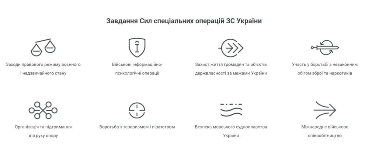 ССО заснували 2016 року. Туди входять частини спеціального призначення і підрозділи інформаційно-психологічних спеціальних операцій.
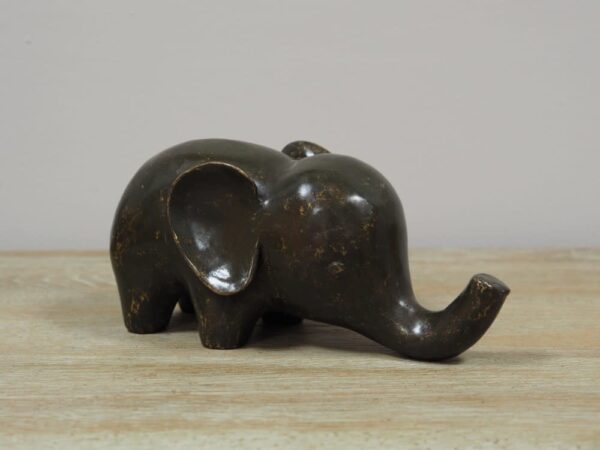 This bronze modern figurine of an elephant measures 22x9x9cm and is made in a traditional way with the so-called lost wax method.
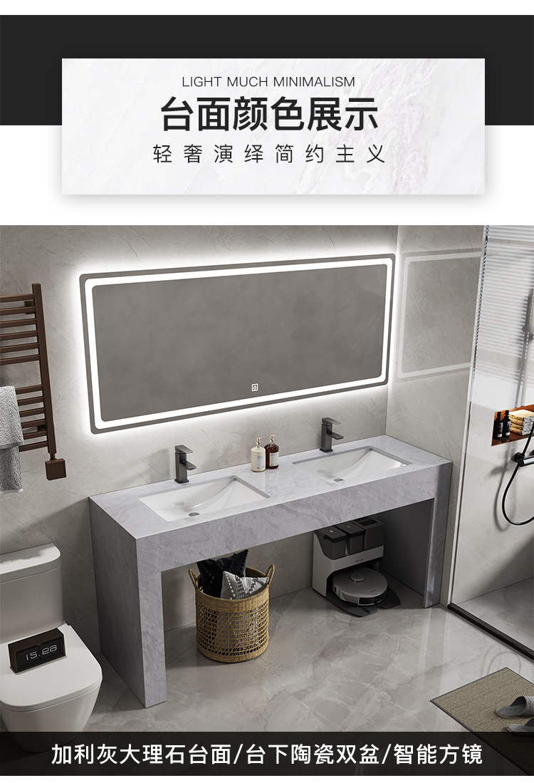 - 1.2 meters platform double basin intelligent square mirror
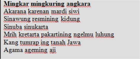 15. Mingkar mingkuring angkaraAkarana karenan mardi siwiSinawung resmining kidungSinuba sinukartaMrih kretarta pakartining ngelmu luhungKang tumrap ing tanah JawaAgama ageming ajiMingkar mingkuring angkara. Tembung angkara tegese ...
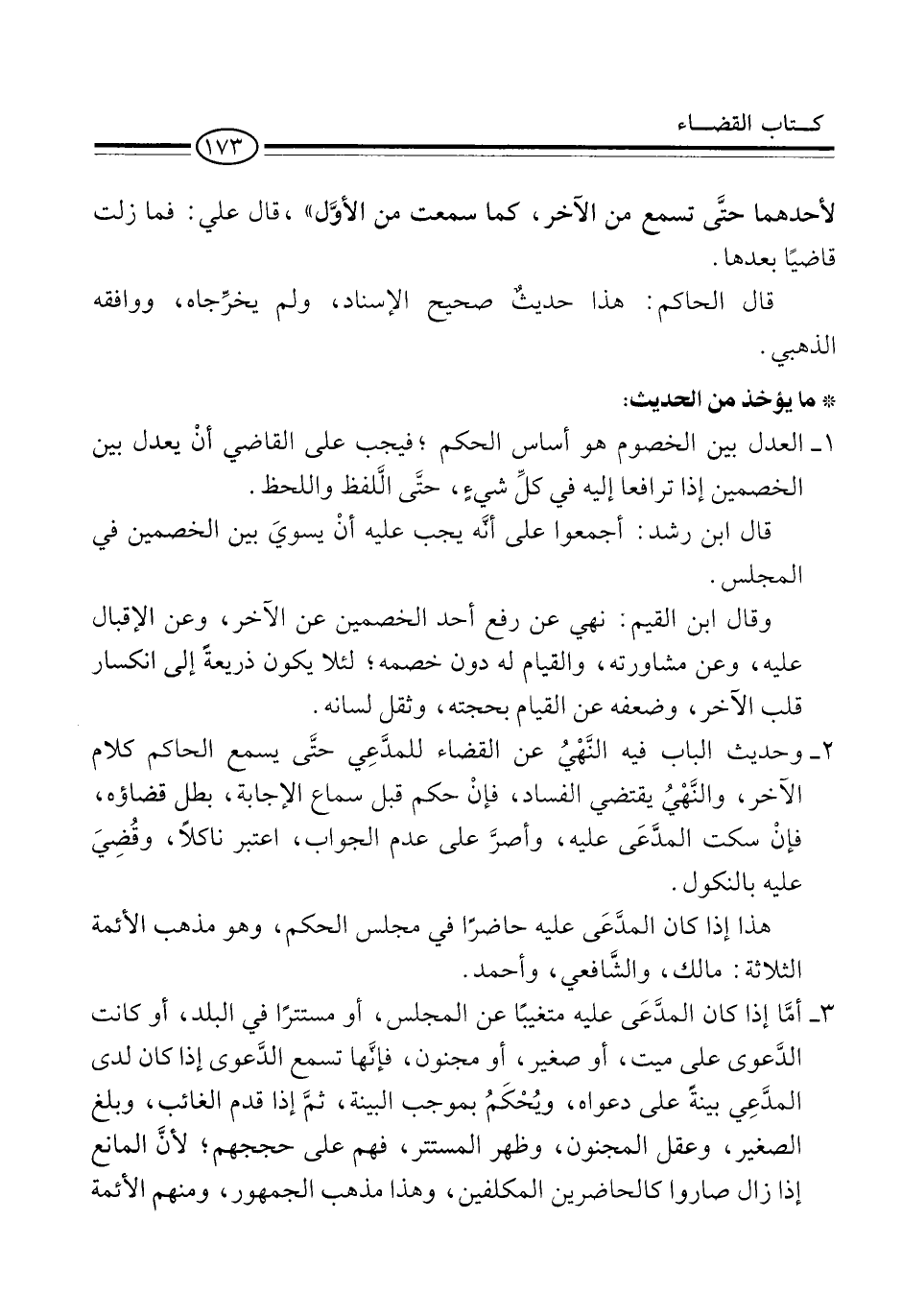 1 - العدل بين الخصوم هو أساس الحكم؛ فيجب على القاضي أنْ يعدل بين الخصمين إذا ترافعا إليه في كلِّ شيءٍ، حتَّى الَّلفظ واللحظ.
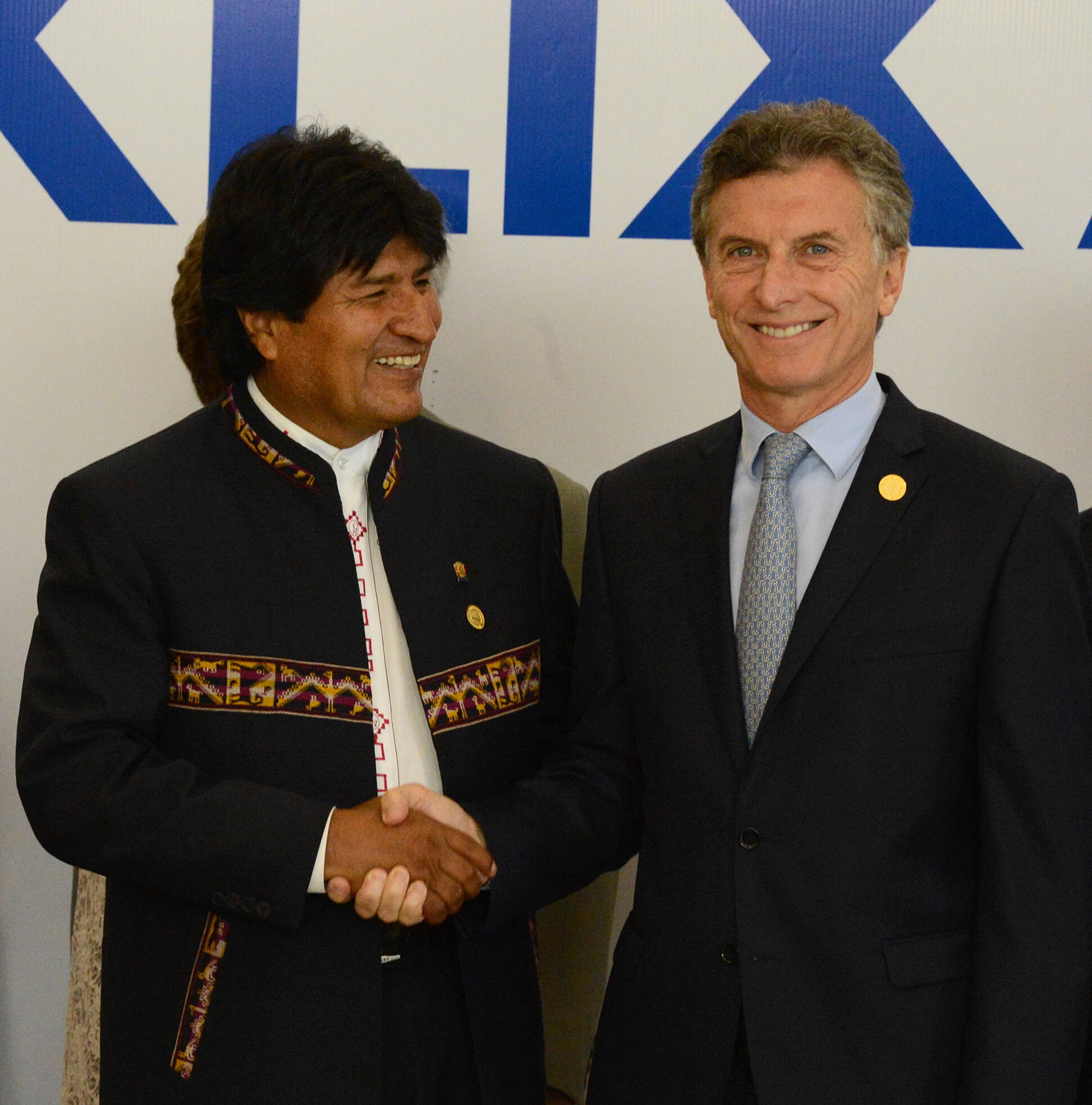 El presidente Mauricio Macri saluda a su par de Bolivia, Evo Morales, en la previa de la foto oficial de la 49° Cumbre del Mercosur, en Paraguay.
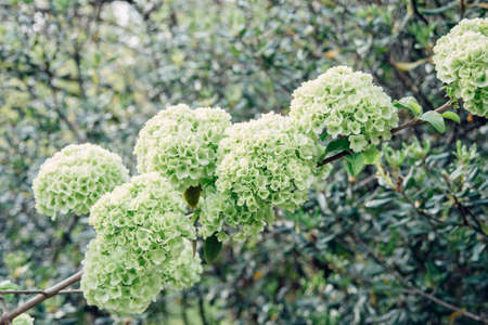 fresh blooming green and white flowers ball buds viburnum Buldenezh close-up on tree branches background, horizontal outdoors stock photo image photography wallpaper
========
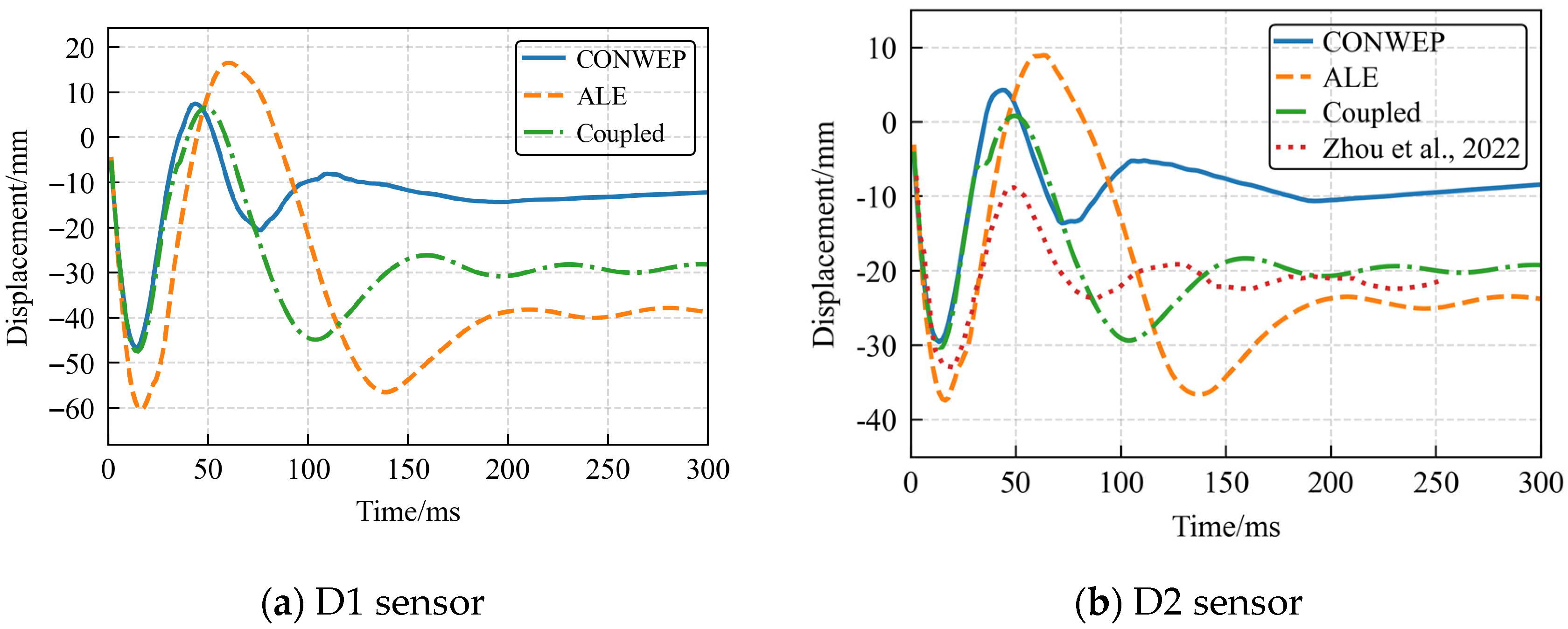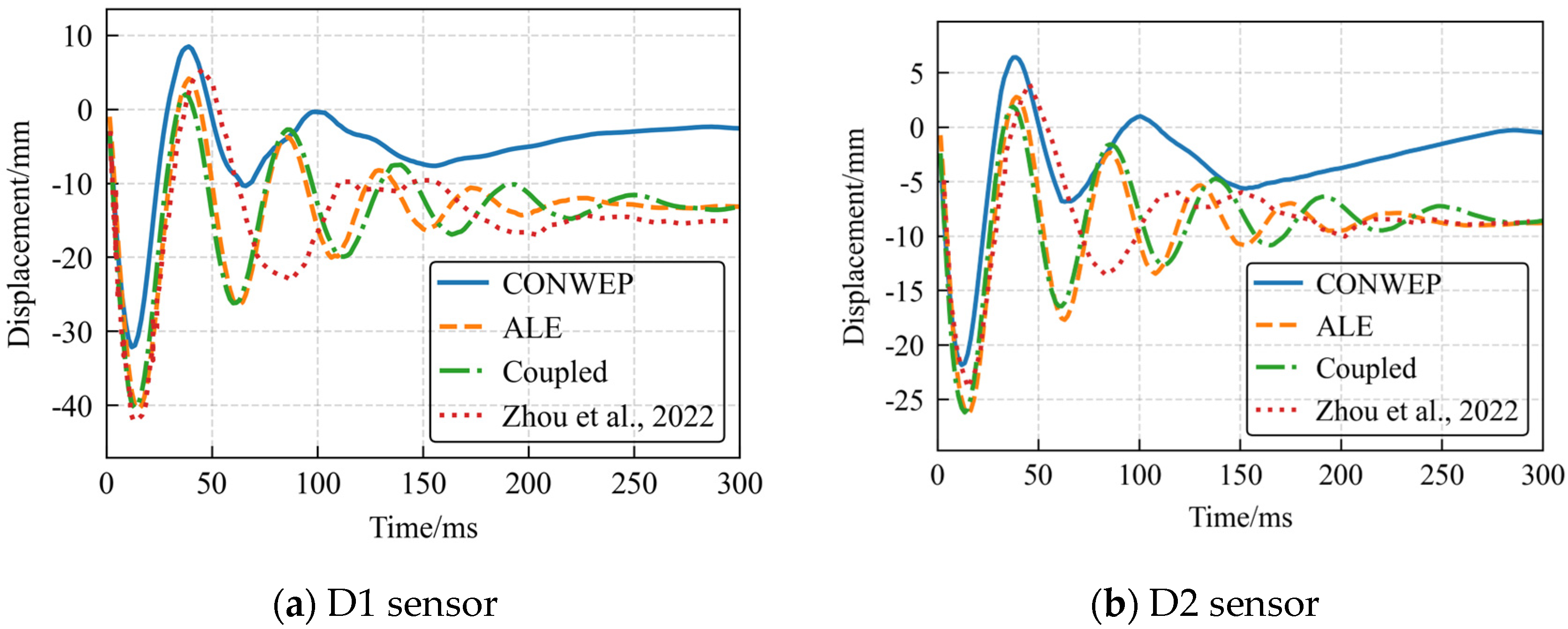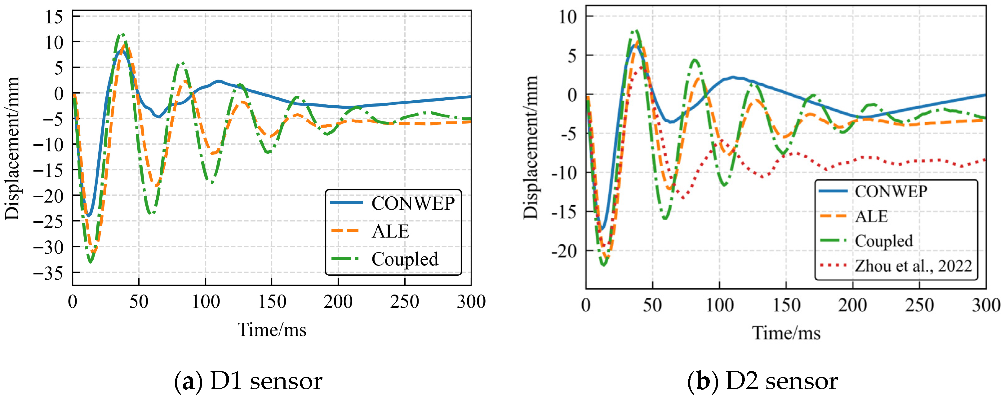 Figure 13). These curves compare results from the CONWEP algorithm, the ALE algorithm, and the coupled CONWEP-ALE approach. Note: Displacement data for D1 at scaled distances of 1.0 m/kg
========
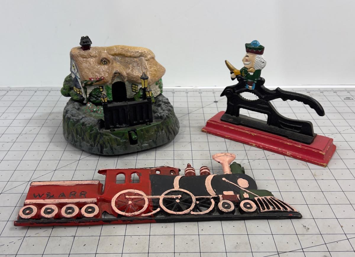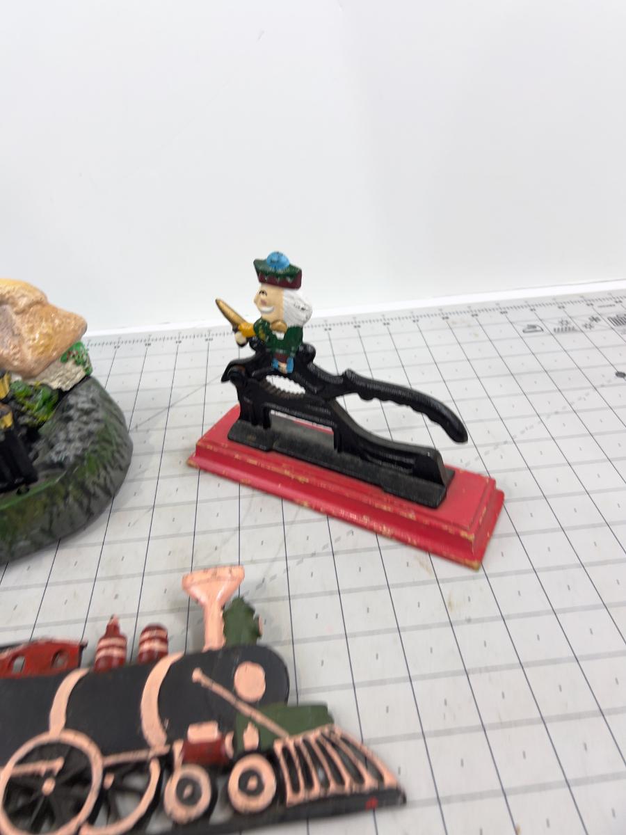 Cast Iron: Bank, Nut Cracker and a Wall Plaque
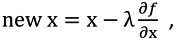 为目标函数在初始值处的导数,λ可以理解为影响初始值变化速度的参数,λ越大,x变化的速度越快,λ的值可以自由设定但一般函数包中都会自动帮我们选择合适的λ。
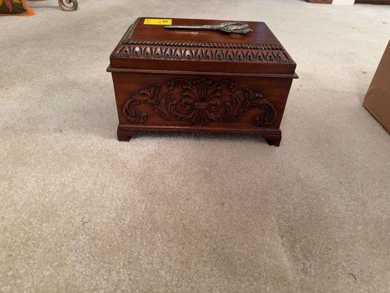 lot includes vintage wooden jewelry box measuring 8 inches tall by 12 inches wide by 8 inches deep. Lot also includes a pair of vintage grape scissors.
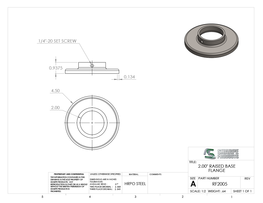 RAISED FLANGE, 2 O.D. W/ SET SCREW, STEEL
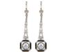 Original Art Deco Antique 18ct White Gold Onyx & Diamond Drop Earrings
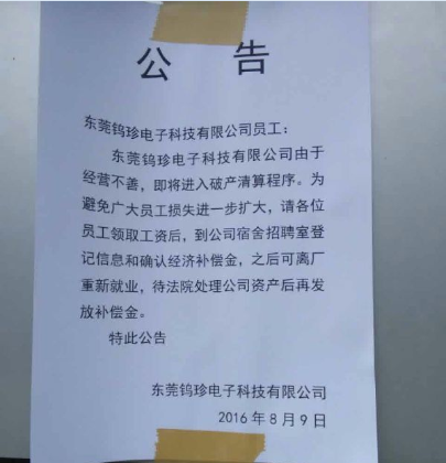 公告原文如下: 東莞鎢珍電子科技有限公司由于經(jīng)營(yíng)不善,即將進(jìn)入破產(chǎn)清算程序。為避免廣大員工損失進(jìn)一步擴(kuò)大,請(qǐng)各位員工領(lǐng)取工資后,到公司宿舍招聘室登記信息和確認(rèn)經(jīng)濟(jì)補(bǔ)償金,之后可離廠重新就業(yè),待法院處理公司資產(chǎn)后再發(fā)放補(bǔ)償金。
========
_Exercise_
While skipping the pictures, transcribe the data above from the line showing "ССО заснували 2016" through the line showing "fresh blooming green", exactly and with both ends.

_Solved problem_
 ССО заснували 2016 року. Туди входять частини спеціального призначення і підрозділи інформаційно-психологічних спеціальних операцій.
 This bronze modern figurine of an elephant measures 22x9x9cm and is made in a traditional way with the so-called lost wax method.
 - 1.2 meters platform double basin intelligent square mirror
 15. Mingkar mingkuring angkaraAkarana karenan mardi siwiSinawung resmining kidungSinuba sinukartaMrih kretarta pakartining ngelmu luhungKang tumrap ing tanah JawaAgama ageming ajiMingkar mingkuring angkara. Tembung angkara tegese ...
 1 - العدل بين الخصوم هو أساس الحكم؛ فيجب على القاضي أنْ يعدل بين الخصمين إذا ترافعا إليه في كلِّ شيءٍ، حتَّى الَّلفظ واللحظ.
 El presidente Mauricio Macri saluda a su par de Bolivia, Evo Morales, en la previa de la foto oficial de la 49° Cumbre del Mercosur, en Paraguay.
 fresh blooming green and white flowers ball buds viburnum Buldenezh close-up on tree branches background, horizontal outdoors stock photo image photography wallpaper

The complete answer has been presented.